Email app Hey launched on Monday 15 June. A few days later the developers received an email from Apple that indicated that unless users were able to sign up for the necessary $99 annual subscription through the app - which would mean Apple would earn a 15-30% commission - the app would be removed from the App Store.
The CTO and co-founder of developer Basecamp, David Heinemeier Hansson, complained about Apple's "outrageous demand" in a tweet.
Wow. I'm literally stunned. Apple just doubled down on their rejection of HEY's ability to provide bug fixes and new features, unless we submit to their outrageous demand of 15-30% of our revenue. Even worse: We're told that unless we comply, they'll REMOVE THE APP.— DHH (@dhh) June 16, 2020
(Hansson has since weighed into the debate over a proposed law in North Dakota that would require Apple to allow alternative app stores and payment systems on iPhone.)
Apple has responded to a report in Protocol here, indicating that it had made a mistake approving the Hey app in the first place and that the Hey app doesn't conform to Apple's guidelines.
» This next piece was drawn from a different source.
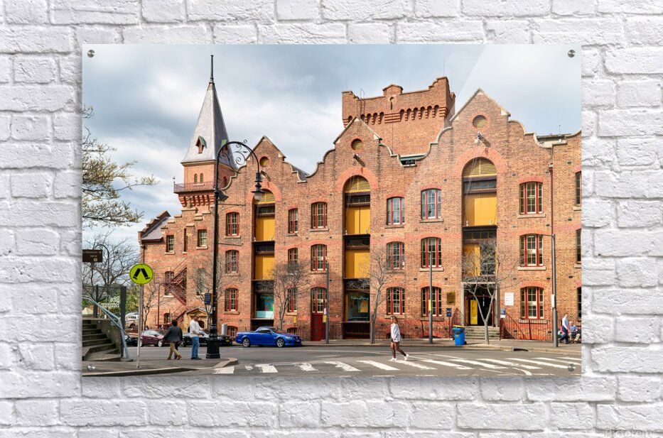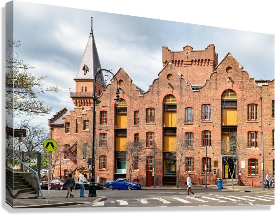 Sydney Australia - People cross the street in front of the historic Sydney Warehouse a building now housing the Kendall Gallery and MCA.

Apple requires apps that require a subscription to do so via their app - rather than through a website sign-up, as is the case with Hey. However, there are some apps that manage to get around this requirement - such as Netflix and Spotify - and it appears that Hey though that it would be exempt from the rules based on this.
Apple sees things differently. It told Protocol it only allows sign-in only apps for business services, not consumer products. In Apple's eyes Hey does not qualify as a 'reader' app.
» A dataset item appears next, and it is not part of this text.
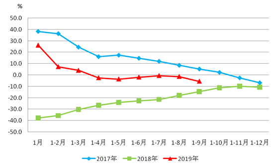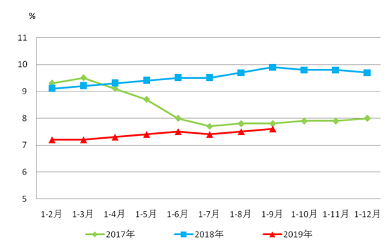 圖1 2017-2019年前三季度汕尾規(guī)模以上工業(yè)增加值增速曲線圖

Apple is holding back an update with bug fixes until the developer offers in-app purchases for the App Store and even threatens to completely remove the application from the store.
"Not in a million years," said Heinemeier Hansson.
Meanwhile, the App Store is being examined by the EU Competition Commission relating to the allegation of restricting competition.
Apple said that the App Store ecosystem generated a $519 billion in 2019 with Apple taking a cut of less than 15%. In Apple's eyes it provided the platform for these sales and it's entitled to its cut.
Read about the EU antitrust case here.
Apple's Schiller has responded to this particular incident - read what he has to say here.
Update: Apple has since agreed to halve App Store fees for small businesses. It turns out that Most developers will only have to pay 15% to Apple now following the change of policy at Apple.